Global Asymptotic Stability For The Higher Order Rational Difference Equations

Rational, difference equations appear as discrete analogues and numerical solutions of differential and delay differential equations which model various diverse phenomena in biology, ecology,physiology,physics,engineering and economics,whose qualitative analysis has always been the hot spot subject to be studied in recent years. In this dissertation we mainly consider global asymptotical stability of three kinds of rational difference equation.Recently there has been a great interest in studying the qualitative properties of rational difference equations.Some prototypes for the development of the basic theory of the global behavior of nonlinear difference equations of order greater than one come from the results for rational difference equations.However,there have not been any effective general methods to deal with the global behavior of rational difference equations of order greater than one so far. From the known work,one can see that it is extremely difficult to understand thoroughly the behavior of solutions of rational difference equations although they simple forms.The method of Lyapunov is also a effective general method,Therefore, the study of the qualitative properties of rational difference equations of order greater than one is worth further consideration.First,in Chapter 2, the global asymptotical stability for a forth order rational difference equations was investigated by using "Semi-cycle Analysis Method",the method which can be used to solve the global asymptotic stability for a kind of rational difference equation,but it is difficult to solve the higher order rational difference equations directly.

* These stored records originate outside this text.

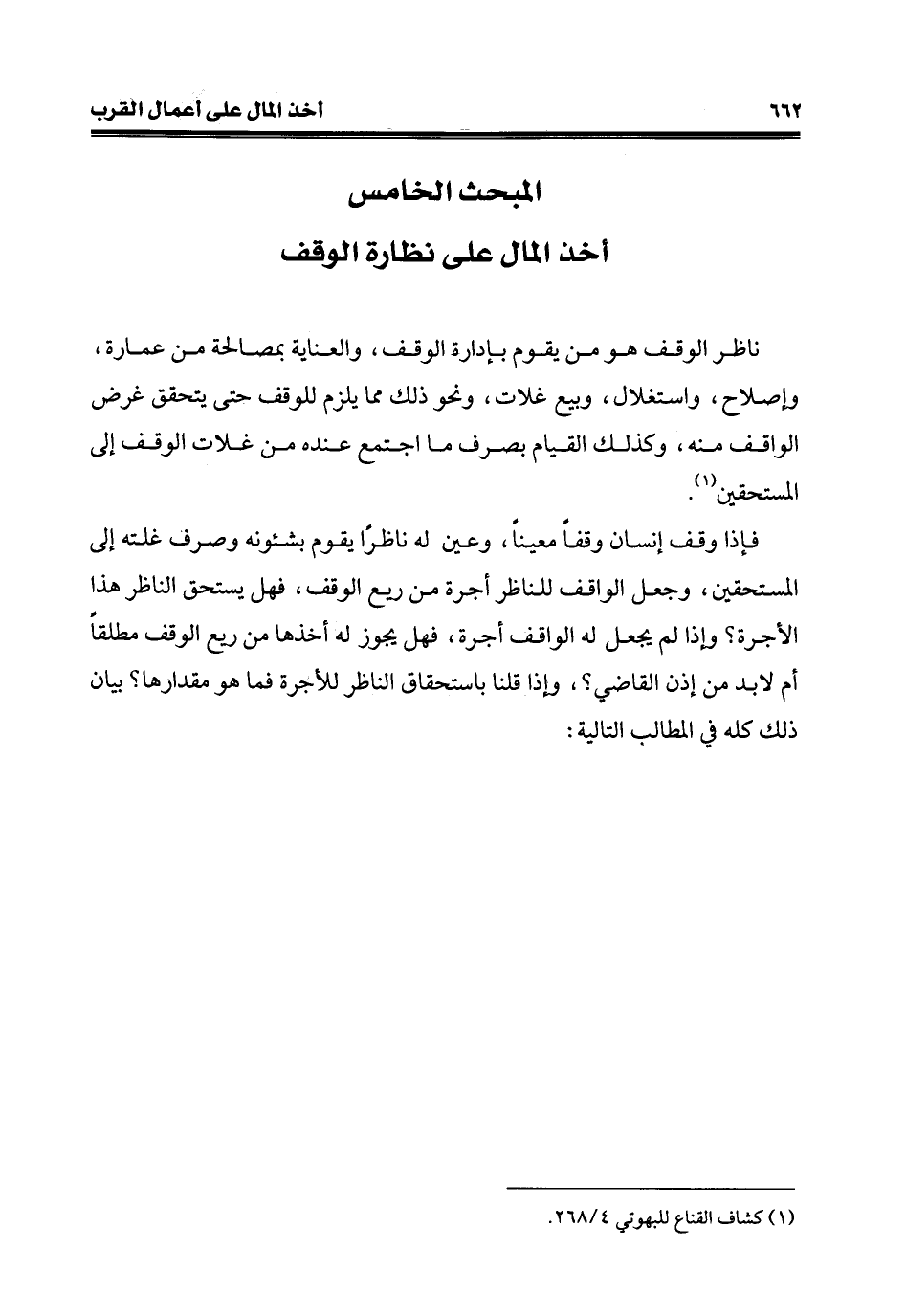المبحث الخامس أخذ المال على نظارة الوقف
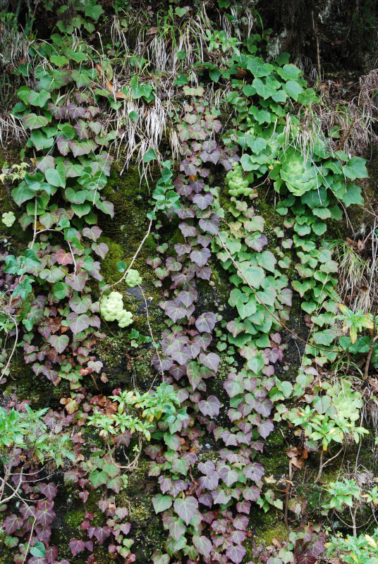 Feuchte Felswand mit Efeu (Mirador de Tajaque, Nordwestflanke des Cumbre de Tajaque, südlich Hermigua):
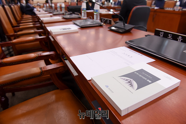 제21대 국회 법제사법위원회 첫 전체회의가 국회에서 열린 16일 오후 미래통합당 의원들의 자리가 텅 비어있다. 이날 통합당 의원이 불참한 가운데 법사위 전체회의가 진행됐다.
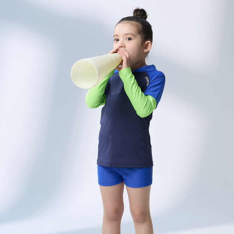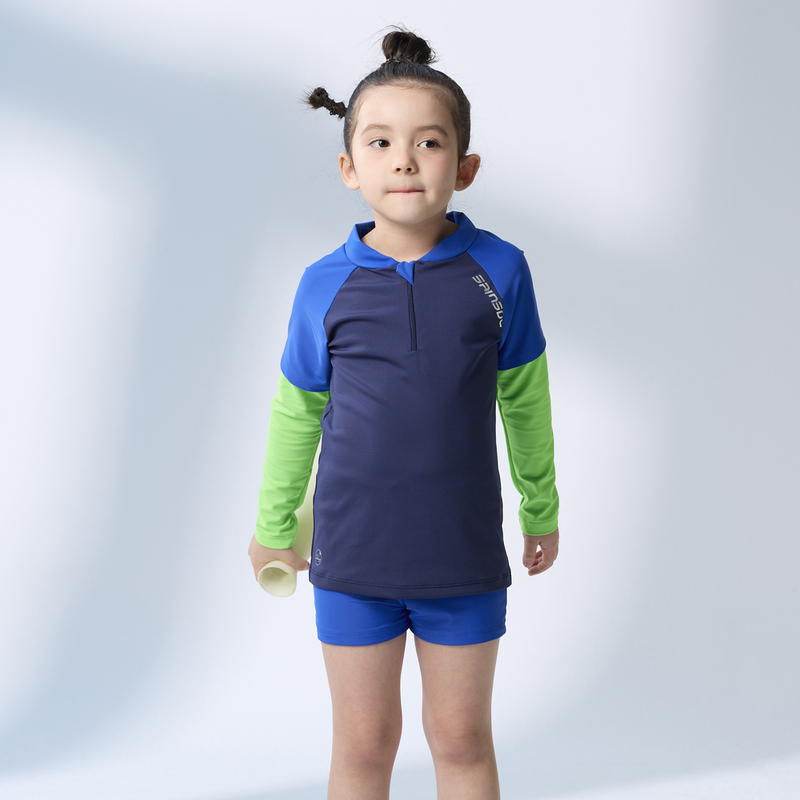 莫妮娜 台灣製 長袖抗UV二件式 泳裝 藍螢光 男女童皆適穿

Some known results are generalized.Second,the global asymptotic stability for a higher order rational difference equation was investigated by using "Subsequence Analysis Method " in Chapter 3,and the "Semi-cycle Analysis Method" is a extension and supplement of "Semi-cycle Analysis Method". A set of sufficient conditions for the global stability of higher order rational difference equations are also obtained.Finally, with help of a auxiliary equation,a set of sufficient conditions for the global stability of higher order rational difference equations were obtained.We also give some equations in each chapter of dissertation,Whose global asymptotic stability can be proved by the same method.